Liberia Closes Border with Ivory Coast over Fears of Renewed Violence
Liberia has closed its border with Ivory Coast, amid fear of renewed violence after seven peacekeepers were killed in an ambush last week.
Liberia sealed its border with the neighbouring country following a fatal attack on UN peacekeepers.
The seven Nigerian peacekeepers were killed in the attack on 8 June, along with eight civilians and a soldier.
Officials from the UN and the Ivorian government blamed gunmen who used Liberia to stage the cross-border attack.
"These people came from the other side of the border. They are militias and mercenaries," Ivory Coast deputy defence minister Paul Koffi said.
Koffi insisted the attack showed the need for Ivorian troops to carry out cross-border operations in Liberia.
"We must go to the other side of the border to establish a security zone. We will clean up and secure the zone. This will be done, of course, with the agreement of the two countries," he added.
However, Liberian information minister Lewis Browne said the country had decided to close its border while an investigation into the attack takes place.
"The first measure will be the immediate closure of the Liberian side of the border," he said in Monrovia.
Liberian defence minister Brownie Samukai said they were no plans to allow Ivorian troops inside the country.
President Ellen Johnson Sirleaf ordered the immediate deployment of Liberian troops along the border, Samukai added.
The UN also said it is relocating some of its troops in the region to the border area to protect civilians.

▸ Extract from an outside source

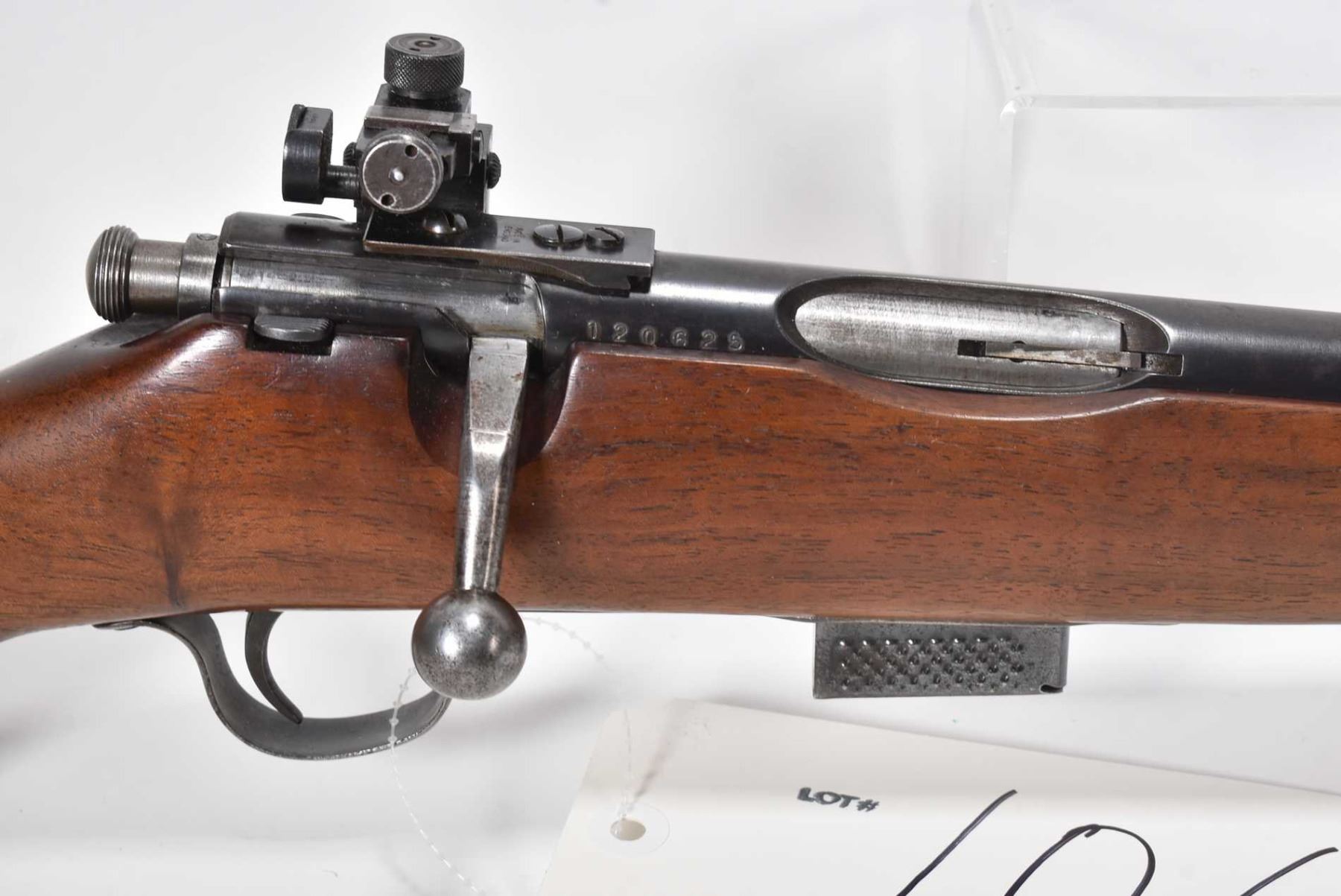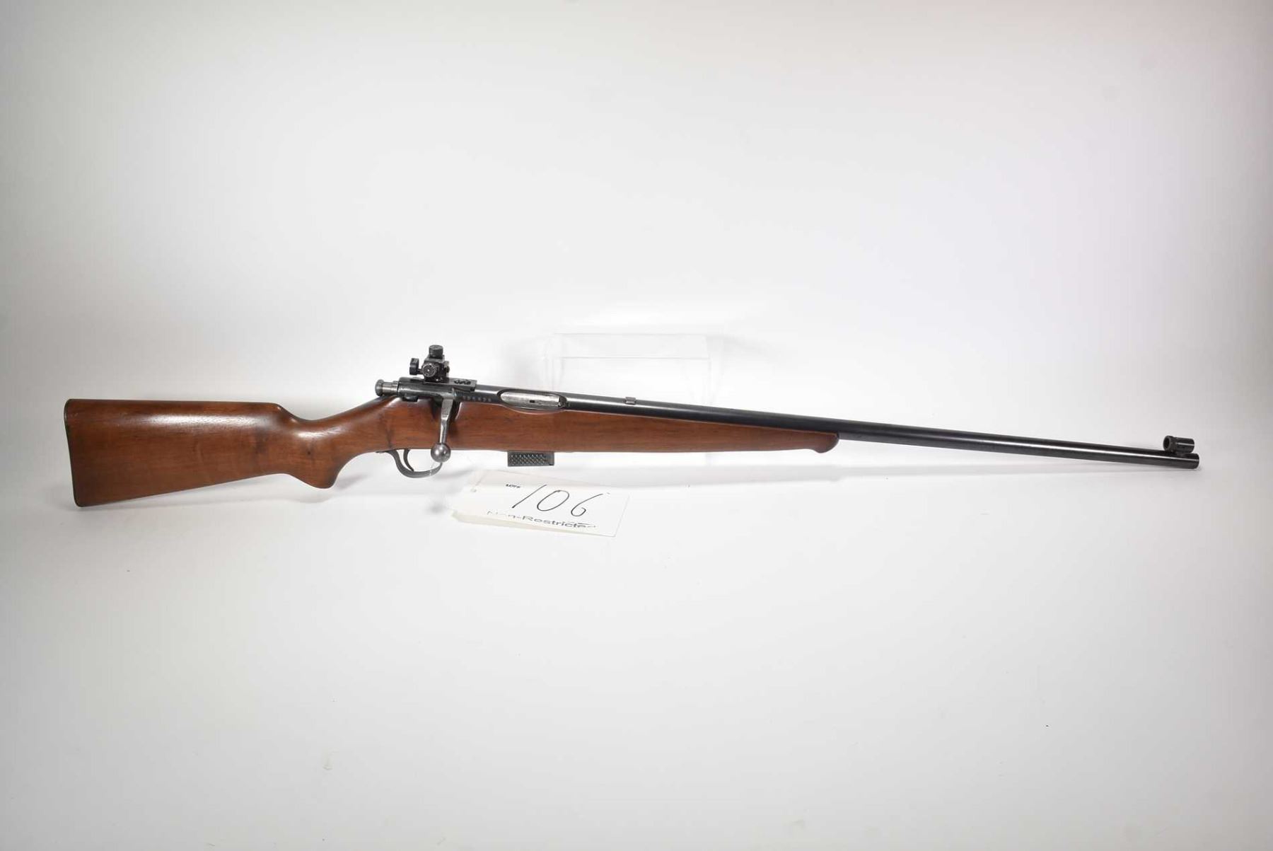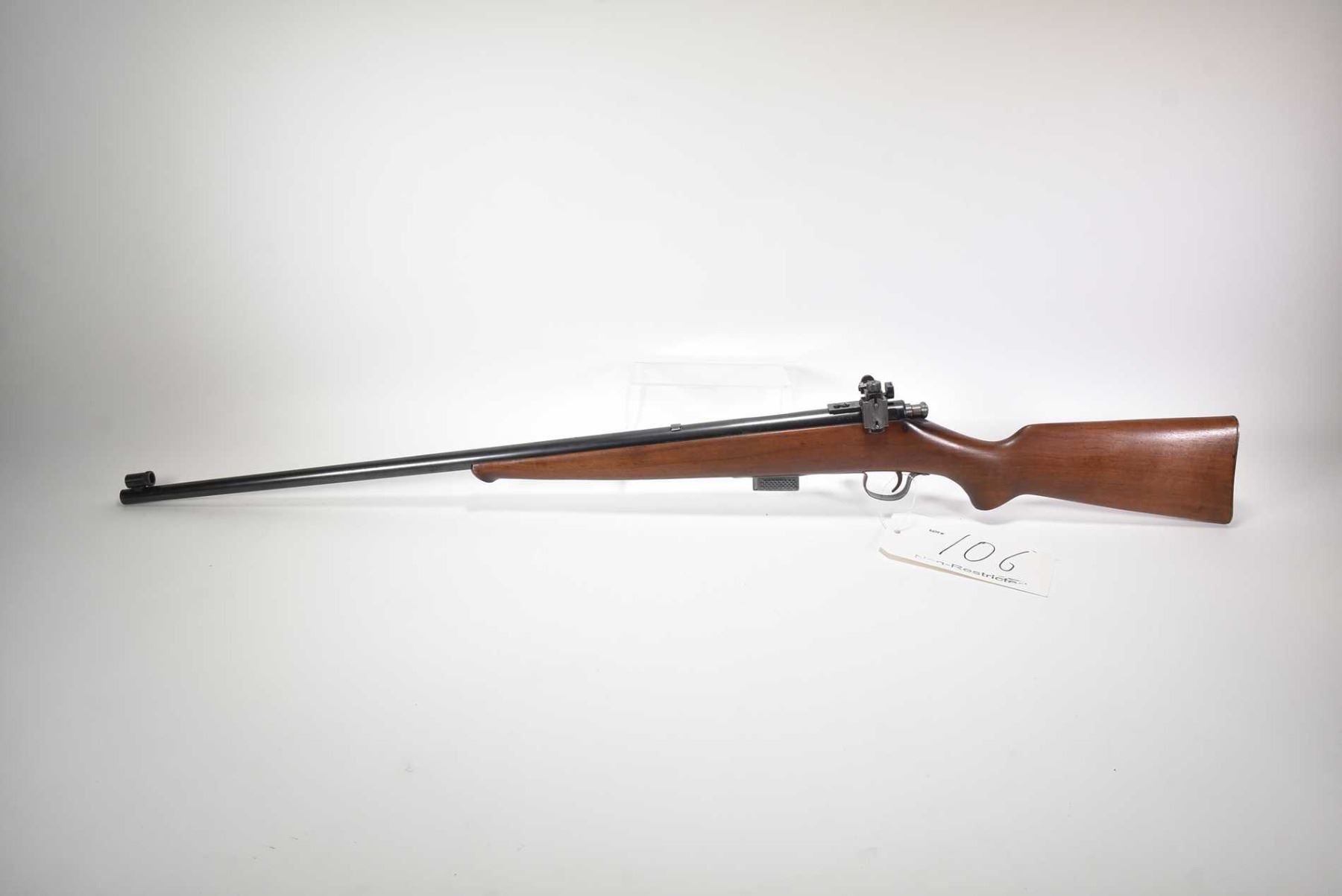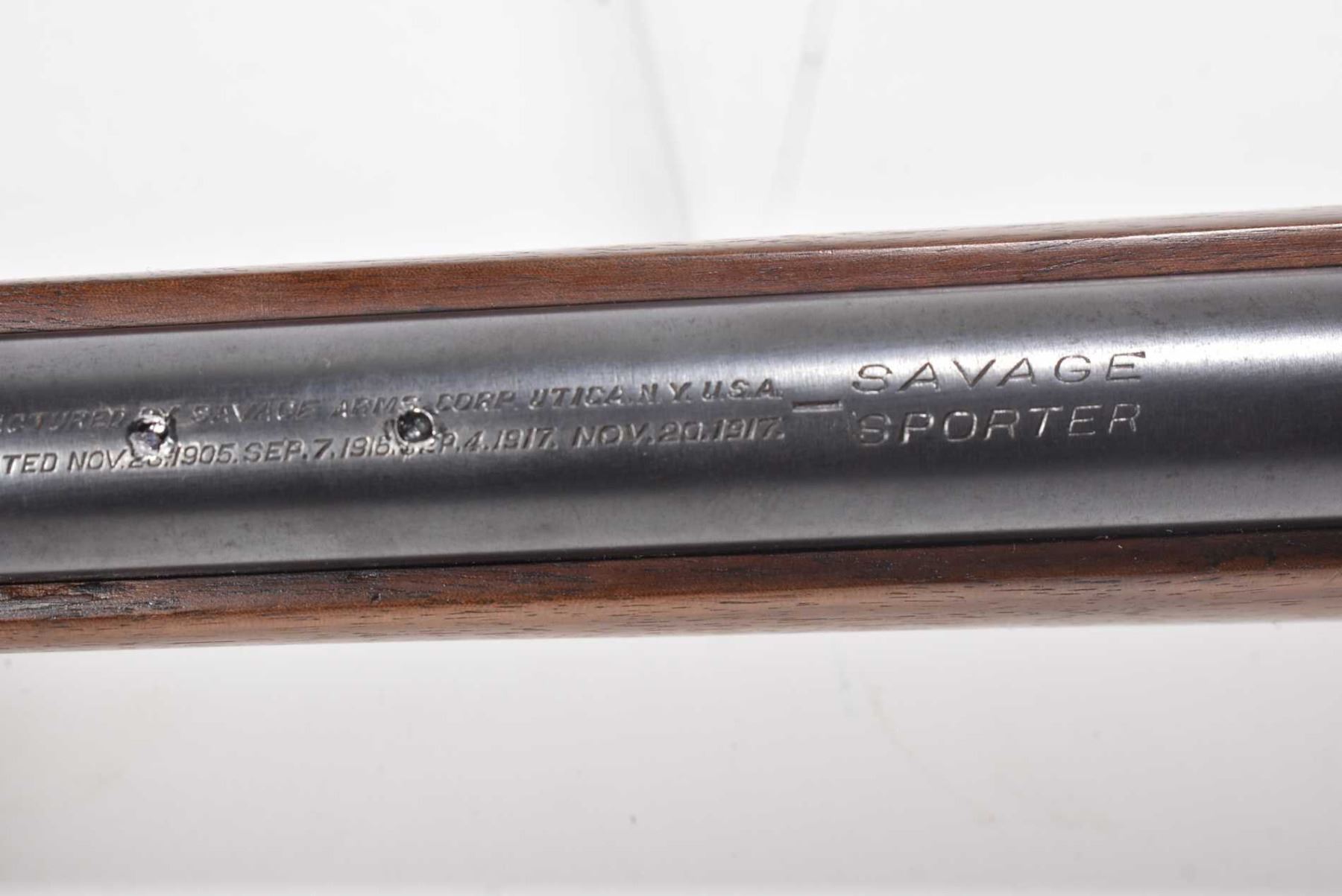 Non-Restricted rifle Savage model Sporter, 25-20 Mag fed bolt action, w/ bbl length 24 1/2" [Blued barrel with fixed target front sight and Parker target rear sight, smooth wooden stock, logo metal butt plate, barrel previously drilled and tapped. Includes one box magazine. Storage use and handling marks on wood and metal.] serial # 120625, PAL required

Ivory Coast and Liberia have generally enjoyed good relations and have in the past carried out joint operations with UN peacekeepers along their borders.
Rising tensions have since been experienced between the two countries.
Ivorian president Alassane Ouattara won the 2010 presidential elections, but only took power following months of violence between his supporters and those loyal to the previous incumbent, Laurent Gbagbo.
Thousands were killed as the country plunged into civil war.
Human Rights Watch said mercenaries from Liberia and pro-Gbago loyalists who fled Ivory Coast were responsible for a series of cross-border attacks on civilians.
The mercenaries also target children to use them as child soldiers, the rights watchdog said, adding the Liberian government had failed to prosecute most of them.